**Problem requirements**
Task for the records below: please copy exactly, and only, the lines from the one containing "2024 동방프로젝트 오케스트라" to the last line, both included, leaving out the pictures.

**Supplied information**
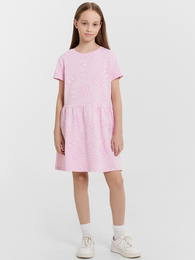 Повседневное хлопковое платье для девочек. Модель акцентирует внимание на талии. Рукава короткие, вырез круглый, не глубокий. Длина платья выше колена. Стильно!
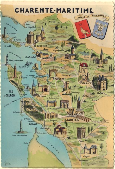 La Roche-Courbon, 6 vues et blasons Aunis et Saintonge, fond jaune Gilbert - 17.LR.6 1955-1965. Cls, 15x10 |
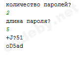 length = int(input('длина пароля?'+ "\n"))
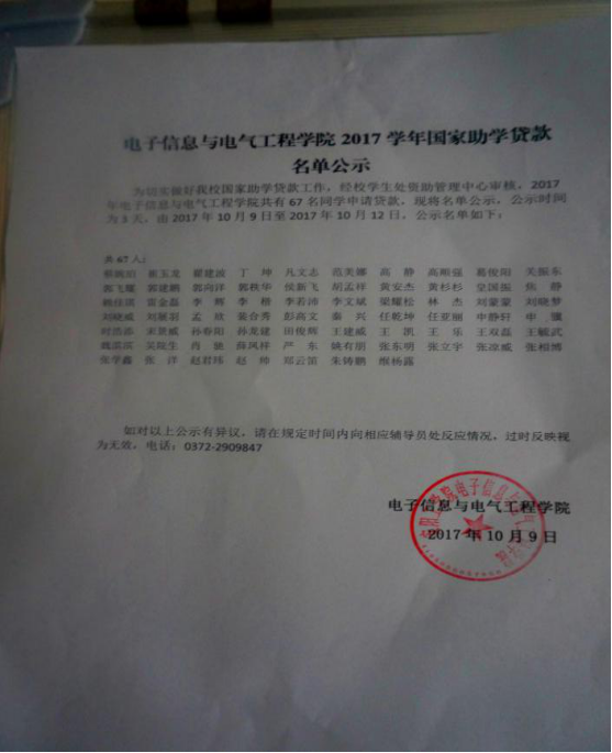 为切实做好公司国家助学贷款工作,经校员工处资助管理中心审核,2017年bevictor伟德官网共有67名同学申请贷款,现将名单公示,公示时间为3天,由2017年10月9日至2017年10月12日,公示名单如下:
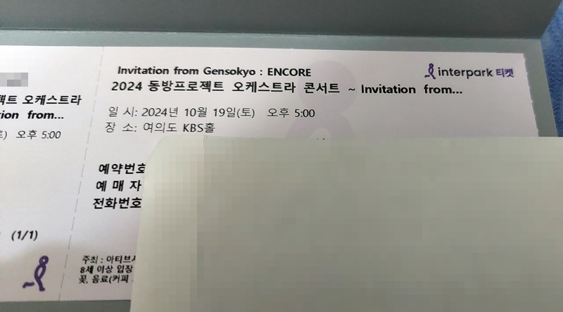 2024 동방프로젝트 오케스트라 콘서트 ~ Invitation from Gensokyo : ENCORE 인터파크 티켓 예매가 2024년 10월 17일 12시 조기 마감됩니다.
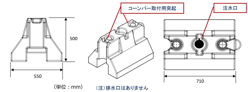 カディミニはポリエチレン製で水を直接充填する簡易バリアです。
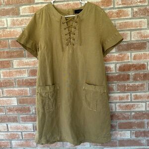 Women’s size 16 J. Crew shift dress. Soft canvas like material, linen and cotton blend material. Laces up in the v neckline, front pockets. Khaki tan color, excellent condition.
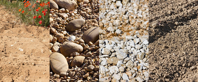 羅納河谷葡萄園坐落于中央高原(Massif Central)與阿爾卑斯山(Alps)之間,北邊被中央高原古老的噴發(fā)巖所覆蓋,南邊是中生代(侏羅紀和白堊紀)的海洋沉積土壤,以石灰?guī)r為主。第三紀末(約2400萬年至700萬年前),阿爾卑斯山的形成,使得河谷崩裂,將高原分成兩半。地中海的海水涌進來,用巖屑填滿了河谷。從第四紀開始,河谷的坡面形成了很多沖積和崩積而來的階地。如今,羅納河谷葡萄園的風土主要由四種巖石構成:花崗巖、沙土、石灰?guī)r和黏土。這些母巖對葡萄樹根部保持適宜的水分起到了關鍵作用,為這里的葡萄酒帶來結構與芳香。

**Expected output**
 2024 동방프로젝트 오케스트라 콘서트 ~ Invitation from Gensokyo : ENCORE 인터파크 티켓 예매가 2024년 10월 17일 12시 조기 마감됩니다.
 カディミニはポリエチレン製で水を直接充填する簡易バリアです。
 Women’s size 16 J. Crew shift dress. Soft canvas like material, linen and cotton blend material. Laces up in the v neckline, front pockets. Khaki tan color, excellent condition.
 羅納河谷葡萄園坐落于中央高原(Massif Central)與阿爾卑斯山(Alps)之間,北邊被中央高原古老的噴發(fā)巖所覆蓋,南邊是中生代(侏羅紀和白堊紀)的海洋沉積土壤,以石灰?guī)r為主。第三紀末(約2400萬年至700萬年前),阿爾卑斯山的形成,使得河谷崩裂,將高原分成兩半。地中海的海水涌進來,用巖屑填滿了河谷。從第四紀開始,河谷的坡面形成了很多沖積和崩積而來的階地。如今,羅納河谷葡萄園的風土主要由四種巖石構成:花崗巖、沙土、石灰?guī)r和黏土。這些母巖對葡萄樹根部保持適宜的水分起到了關鍵作用,為這里的葡萄酒帶來結構與芳香。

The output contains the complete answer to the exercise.